My Time with Google's Cellular Service Was Mostly a Disaster - tim_sw
http://gizmodo.com/my-weeks-with-googles-cellular-service-were-mostly-a-di-1724915476
======
tehlike
I use it, and for me it was kind of magical: i traveled to singapore and then
turkey in about two months, and didnt have to think about anything. It just
worked. Sometimes the network was slow, but i think it was because of local
network.

Then the reality sipped in. I had to switch to a local network. I was doing
work on laptop, and had to hotspot to laptop. It is impressive to see how much
data day to day work consumed. 10$ per gb was too high. I could get local data
plan for 1.5$/gb. I think i consumed about 20gb over the course of the trip.

I guess for what it is, google fi is pretty impressive. Except that 10$ could
be a bit prohibitive for certain use cases.

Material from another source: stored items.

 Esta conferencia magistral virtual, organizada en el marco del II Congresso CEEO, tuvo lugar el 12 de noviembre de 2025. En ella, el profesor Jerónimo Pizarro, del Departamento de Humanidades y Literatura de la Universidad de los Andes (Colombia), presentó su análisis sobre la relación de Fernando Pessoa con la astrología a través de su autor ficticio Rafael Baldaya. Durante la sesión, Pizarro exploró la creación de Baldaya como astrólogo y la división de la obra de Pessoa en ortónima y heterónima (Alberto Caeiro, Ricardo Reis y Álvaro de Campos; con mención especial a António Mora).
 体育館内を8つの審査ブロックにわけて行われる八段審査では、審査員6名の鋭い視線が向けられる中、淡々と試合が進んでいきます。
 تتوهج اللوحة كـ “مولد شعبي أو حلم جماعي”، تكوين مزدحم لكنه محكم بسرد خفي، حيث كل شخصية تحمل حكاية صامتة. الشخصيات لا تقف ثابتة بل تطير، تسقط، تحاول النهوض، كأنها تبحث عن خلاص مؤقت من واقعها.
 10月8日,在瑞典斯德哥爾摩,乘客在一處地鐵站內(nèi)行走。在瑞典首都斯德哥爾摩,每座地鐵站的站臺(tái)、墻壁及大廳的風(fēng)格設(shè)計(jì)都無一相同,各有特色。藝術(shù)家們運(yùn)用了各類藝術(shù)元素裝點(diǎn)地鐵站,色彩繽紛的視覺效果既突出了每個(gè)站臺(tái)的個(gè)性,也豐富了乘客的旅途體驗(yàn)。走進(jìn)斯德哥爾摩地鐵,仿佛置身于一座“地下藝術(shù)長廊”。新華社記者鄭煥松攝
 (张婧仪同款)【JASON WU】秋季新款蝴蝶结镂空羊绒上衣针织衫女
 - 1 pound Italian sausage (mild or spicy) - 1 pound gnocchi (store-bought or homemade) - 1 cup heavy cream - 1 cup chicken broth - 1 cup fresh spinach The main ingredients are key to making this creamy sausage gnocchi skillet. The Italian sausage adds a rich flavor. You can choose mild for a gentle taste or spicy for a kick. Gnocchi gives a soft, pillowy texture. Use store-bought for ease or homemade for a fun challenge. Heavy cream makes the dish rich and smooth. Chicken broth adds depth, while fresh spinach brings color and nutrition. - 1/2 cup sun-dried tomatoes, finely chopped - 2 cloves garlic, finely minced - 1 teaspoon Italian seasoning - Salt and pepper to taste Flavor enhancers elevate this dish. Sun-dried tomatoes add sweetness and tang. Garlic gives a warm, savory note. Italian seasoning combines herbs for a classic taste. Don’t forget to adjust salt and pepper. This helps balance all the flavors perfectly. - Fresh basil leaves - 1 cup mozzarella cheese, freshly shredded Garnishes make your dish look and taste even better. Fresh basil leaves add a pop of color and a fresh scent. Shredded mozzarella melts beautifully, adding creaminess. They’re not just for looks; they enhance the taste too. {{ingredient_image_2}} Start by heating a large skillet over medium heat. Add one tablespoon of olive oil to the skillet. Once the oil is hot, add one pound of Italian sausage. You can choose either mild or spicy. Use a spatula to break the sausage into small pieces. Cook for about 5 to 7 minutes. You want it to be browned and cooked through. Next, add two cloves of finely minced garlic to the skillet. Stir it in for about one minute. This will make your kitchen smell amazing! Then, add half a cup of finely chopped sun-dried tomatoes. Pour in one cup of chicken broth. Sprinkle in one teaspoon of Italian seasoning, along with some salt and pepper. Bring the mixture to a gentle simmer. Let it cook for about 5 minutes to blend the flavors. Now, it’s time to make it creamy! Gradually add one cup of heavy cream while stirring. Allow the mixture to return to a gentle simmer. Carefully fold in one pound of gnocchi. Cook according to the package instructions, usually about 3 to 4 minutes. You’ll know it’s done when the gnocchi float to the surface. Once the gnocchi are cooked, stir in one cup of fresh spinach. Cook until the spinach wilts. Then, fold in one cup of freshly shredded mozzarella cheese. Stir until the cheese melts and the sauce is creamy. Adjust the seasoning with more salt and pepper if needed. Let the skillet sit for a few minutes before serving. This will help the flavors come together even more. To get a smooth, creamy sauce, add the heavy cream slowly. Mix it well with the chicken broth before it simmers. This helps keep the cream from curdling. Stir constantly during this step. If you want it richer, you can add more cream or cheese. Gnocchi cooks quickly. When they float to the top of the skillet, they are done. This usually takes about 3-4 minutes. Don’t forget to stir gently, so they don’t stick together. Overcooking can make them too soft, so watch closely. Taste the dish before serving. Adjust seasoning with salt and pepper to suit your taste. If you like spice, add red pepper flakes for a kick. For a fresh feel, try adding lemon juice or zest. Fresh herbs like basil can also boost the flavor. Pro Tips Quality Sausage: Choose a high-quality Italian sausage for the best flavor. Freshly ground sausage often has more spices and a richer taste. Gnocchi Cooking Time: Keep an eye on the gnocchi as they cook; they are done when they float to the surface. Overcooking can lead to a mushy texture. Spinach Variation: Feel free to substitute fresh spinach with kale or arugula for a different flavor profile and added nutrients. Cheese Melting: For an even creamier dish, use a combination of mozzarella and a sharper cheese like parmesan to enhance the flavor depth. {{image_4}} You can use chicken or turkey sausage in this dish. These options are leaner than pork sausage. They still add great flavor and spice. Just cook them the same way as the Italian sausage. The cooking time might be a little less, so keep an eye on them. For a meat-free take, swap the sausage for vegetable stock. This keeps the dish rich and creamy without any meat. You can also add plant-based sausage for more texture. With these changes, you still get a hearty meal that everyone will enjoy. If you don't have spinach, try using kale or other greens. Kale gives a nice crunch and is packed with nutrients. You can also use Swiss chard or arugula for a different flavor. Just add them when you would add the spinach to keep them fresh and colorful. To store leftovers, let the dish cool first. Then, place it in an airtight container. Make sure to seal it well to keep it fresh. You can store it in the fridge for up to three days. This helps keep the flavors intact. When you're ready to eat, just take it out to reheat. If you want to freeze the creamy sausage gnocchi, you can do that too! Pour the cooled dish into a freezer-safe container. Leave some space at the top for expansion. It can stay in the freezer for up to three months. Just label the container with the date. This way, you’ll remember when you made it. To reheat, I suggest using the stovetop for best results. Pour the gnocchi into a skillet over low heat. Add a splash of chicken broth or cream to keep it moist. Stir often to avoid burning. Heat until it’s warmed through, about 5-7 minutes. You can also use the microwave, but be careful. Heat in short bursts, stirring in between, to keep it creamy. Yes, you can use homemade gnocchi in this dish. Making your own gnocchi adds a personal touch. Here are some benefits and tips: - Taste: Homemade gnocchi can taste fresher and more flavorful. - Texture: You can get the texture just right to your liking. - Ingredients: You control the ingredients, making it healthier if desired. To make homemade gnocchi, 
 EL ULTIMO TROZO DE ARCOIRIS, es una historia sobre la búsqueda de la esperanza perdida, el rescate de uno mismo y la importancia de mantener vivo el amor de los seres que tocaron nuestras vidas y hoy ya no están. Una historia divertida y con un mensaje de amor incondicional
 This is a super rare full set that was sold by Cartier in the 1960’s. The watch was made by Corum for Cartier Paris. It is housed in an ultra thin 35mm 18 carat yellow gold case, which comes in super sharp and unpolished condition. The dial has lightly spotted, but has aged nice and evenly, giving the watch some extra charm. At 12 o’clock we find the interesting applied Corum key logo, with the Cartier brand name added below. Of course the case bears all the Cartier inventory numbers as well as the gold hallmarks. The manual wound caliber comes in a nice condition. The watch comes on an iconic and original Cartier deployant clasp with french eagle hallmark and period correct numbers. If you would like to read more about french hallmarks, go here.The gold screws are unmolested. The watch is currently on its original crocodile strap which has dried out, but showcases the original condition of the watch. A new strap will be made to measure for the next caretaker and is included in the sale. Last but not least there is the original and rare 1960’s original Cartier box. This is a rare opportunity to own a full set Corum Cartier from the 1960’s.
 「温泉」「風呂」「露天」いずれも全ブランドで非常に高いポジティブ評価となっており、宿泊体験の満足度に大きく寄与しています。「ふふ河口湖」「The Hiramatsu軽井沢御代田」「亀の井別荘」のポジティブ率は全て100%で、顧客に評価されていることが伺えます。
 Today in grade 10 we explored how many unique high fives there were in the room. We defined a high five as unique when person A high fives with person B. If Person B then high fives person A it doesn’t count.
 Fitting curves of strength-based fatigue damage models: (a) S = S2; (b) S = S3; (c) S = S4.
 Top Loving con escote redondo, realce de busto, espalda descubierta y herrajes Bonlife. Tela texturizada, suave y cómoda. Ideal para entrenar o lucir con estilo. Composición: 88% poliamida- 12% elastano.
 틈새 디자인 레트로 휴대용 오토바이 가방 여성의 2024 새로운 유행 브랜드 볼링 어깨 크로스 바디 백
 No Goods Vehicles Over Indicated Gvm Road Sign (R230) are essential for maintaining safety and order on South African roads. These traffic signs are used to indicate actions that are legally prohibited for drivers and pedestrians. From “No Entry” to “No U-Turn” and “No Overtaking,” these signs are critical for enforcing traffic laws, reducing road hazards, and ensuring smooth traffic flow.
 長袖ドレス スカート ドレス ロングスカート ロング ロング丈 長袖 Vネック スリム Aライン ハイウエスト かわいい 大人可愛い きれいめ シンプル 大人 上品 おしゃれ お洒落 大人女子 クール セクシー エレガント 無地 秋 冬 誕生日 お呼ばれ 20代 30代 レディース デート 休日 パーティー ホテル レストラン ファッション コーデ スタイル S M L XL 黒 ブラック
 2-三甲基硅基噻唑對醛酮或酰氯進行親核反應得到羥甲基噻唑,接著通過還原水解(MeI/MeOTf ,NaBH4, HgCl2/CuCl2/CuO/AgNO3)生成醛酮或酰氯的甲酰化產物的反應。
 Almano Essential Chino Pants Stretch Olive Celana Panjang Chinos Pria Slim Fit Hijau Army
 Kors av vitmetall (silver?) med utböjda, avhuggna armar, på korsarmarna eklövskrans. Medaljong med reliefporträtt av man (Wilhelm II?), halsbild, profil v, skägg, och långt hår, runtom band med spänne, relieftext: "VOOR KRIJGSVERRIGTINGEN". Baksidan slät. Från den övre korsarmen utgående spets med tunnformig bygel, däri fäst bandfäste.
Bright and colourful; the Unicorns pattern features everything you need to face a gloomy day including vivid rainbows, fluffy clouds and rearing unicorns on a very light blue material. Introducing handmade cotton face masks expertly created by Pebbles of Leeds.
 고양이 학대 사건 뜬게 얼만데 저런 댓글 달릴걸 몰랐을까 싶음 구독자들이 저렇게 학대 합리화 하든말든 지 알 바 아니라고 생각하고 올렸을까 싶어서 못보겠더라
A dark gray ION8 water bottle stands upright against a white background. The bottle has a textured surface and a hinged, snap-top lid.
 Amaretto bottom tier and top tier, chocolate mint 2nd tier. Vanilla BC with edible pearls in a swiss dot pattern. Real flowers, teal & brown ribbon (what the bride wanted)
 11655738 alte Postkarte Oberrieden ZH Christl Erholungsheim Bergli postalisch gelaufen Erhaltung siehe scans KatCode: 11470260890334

Disclaimer: im a google employee.

Edit: changed the data plan cost (to 1.5$ from 2.5)

------
DiabloD3
Can we add (2015) to the end of this? This review is massively out of date,
biased, and most of his problems seem to stem his phone had issues, not his
service.

------
mgberlin
As a counterpoint to the article, I used Fi for two years and never had a
single technical problem. The service was flawless and affordable. Then I
realized Google now had real time location tracking and the ability to turn on
my mic whenever they want, along with my email and search data, and that just
felt like too much data for a single company to have.

------
rll
I absolutely love it. I only use it for data and I travel a ton. Never having
to hunt down SIM cards every 3 days when I hit a new country with a flat
global rate is great. And you get 10 free data sims, so everything that can
possibly get a sim jammed into it has one and works in every country.

------
dano
I've had excellent results with Google fi across the US and Europe. Getting
off the plane in Milan and having service immediately was a terrific benefit.

------
fallinghawks
I'm currently on Project Fi and I like it quite a lot. Travelling through
Europe was seamless (these were countries that Fi has an agreement with; I
assume otherwise I would have to purchase a local SIM, as I had had to do
before Fi.) My biggest complaint is a 5-to-25 second delay between pressing
the "call this" button and the line being picked up and actually dialed. Very
occasionally I'll have a call that doesn't ring, but I had had this with
previous providers and with greater frequency. Costs less than Straight Talk
and you pay only for what data you use. I'm on WiFi most of the time so my
data costs are pretty minimal.

------
stevecalifornia
I have Google's phone service and it's horrible. In Europe I would lose all
service for days at a time. In the US it just randomly loses all service every
few hours for a few minutes. People will call me...and I'll stare at the phone
and it won't ring. Then I'll get a missed call notification. I have told my
friends that I am sure I will someday die while trying to call 911 over and
over and over again.

Google should be ashamed of how horrible it's phone service is.

------
synicalx
I can understand this if you're traveling all the time and you have to pay for
your own phone bill, but beyond that the pricing seems a little steep
especially considering Google can probably use this to wring even more
marketing data out of you. Most sim only plans in Australia are about $20-30
cheaper per month than this.

------
krosaen
From 2015...

As it happens this caught my attention on hn because my Fi service has sucked
for the past 2 weeks after working like a champ for almost 2 years. I think
it's my phone though, my wife (same nexus 5x phone, plan) hasn't had any
issues.